The majority of the DAVs lie in the functional signatures, and in pattern analysis it is evident that most of them exist in consensus post-translational modification patterns. The relative entropy data from Scorecons clearly indicate that the DAVs lie in moderately variable positions, but it is interesting to note that the corresponding amino acids near the variants have low relative entropies, meaning high conservation. Some of the well characterized protein interaction domains involved in insulin signaling include the PH, PTB, SH2, SH3, LIM, PDZ, NOTCH, and WW. These interaction domains are either created by post-translational covalent modification of the protein, which includes phosphorylation of exposed Tyr, Ser, or Thr residues, or they exist in the natural tertiary structure of proteins (34) that is highly influenced by the core residues. Pattern search revealed that as many as 51% of DAVs appear to occur in potential post-translational modification sites. Certain phosphorylation changes predicted as an effect of these variations also have experimental evidence (2830).

Our emphasis is more on conserved neighboring residues than the variation alone because the specificity of protein kinases is dominated by acidic, basic, or hydrophobic residues adjacent to the phosphorylated residue. We have also shown that the major class of proteins harboring DAVs is enzymes, the most common susceptible amino acid change is arginine, and most of the DAVs are exposed. Pathway Assist networking converges all the genes toward the insulin signaling cascade. It is well known that in any signaling cascade the cross-talk between proteins to bring about transduction is done mostly through post-translational modification mechanisms. All these facts provoke us to propose that T2DM must mostly be a result of disturbed protein-protein interactions.

Low PSIC scores and prediction of most of the DAVs as benign by PolyPhen indicate that the contribution of DAVs is more in terms of quantitative nature than qualitative in bringing about the disease, although no clear cut mechanism of measuring the extent of contribution is known as of today. We believe that the approach of considering a stretch of peptide sequence involving polymorphisms would be a better method of defining the role of a polymorphism in the manifestation of this disease. This is relevant when considering the possibility of using these properties to predict the pathological character of a mutation from only the knowledge of protein sequence. This in turn would help in the appropriate selection of polymorphisms for association studies adding value to the hunt for pieces of this complicated puzzle.

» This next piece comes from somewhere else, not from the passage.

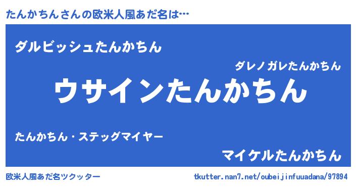| 男性向けラノベタイトル風あだ名 | 『たんかちんの嫁は女の子じゃないと思った?』 |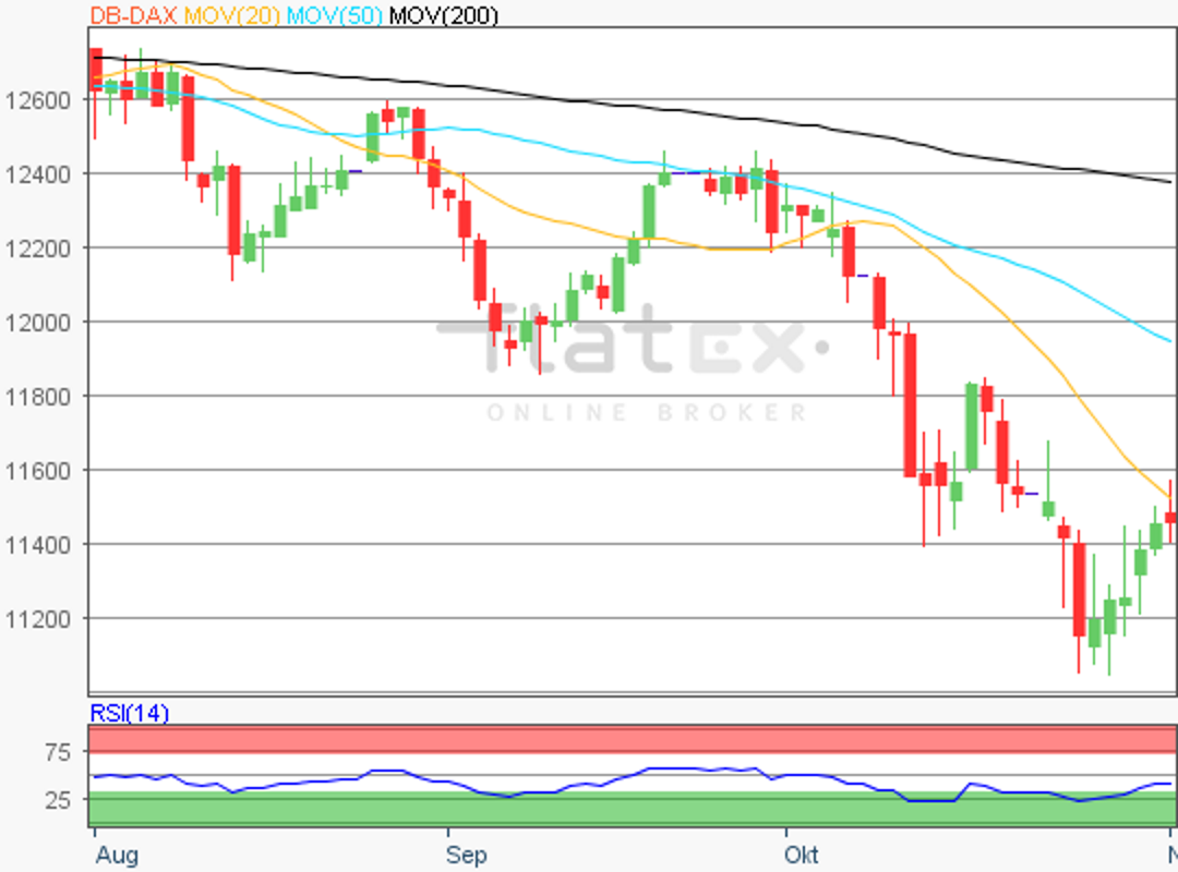 Der Deutsche Aktienindex schraubte sich am Donnerstag am Vormittag noch kräftig empor und bildete bei 11.575,43 Punkten ein Tageshoch aus. Noch vor der Mittagszeit verließen den DAX aber die Kräfte und bis zum Xetra-Handelsschluss gingen wieder über 100 Indexpunkte verloren.

The control data set was important for this study because it contains mostly variations with no evidence of disease-causing or strong phenotypic changes. Although it is possible that some of the nonsynonymous SNPs in this set may turn out to be disease-related if more vigorous genetic, biochemical, and clinical studies are carried out, we expect that the variations contained in CNVs have little phenotypic changes. Our study suggests that there is a significant statistical difference in distribution of properties between disease-related variations and CNVs. It is provocative to say that the evaluation of these parameters can help us predict whether newly discovered nonsynonymous variations would be associated with the disease or not.

Initial association studies led to the proposition that T2DM is an example of common disease common variant hypothesis (35) (well in accordance with the thrifty genotype hypothesis). Our observations reveal that more than 80% of the DAVs associated with T2DM are rare variants. Of the overall 113 polymorphisms considered in the data set, 70% of SNPs associated with the disease qualify as rare variants, whereas the rest are common variants. Based on this, we propose that T2DM fits a mosaic model (Fig. 7), which results from complex interaction between a low number of rare alleles from a large number of loci with a low number of common alleles at a small number of loci and the environment. This also implies that the disease phenotype has evolved recently. One of the main reasons for the failure to replicate these associations across different populations must be variable expressivity resulting from selection pressure that has occurred in accordance with the temporal differences in lifestyle adoption. These findings may complicate the understanding of already complicated complex disorder T2DM gene hunting because the occurrence of many rare variants would create statistical disturbances. However, our findings would help researchers to look from new perspectives in a highly competitive field.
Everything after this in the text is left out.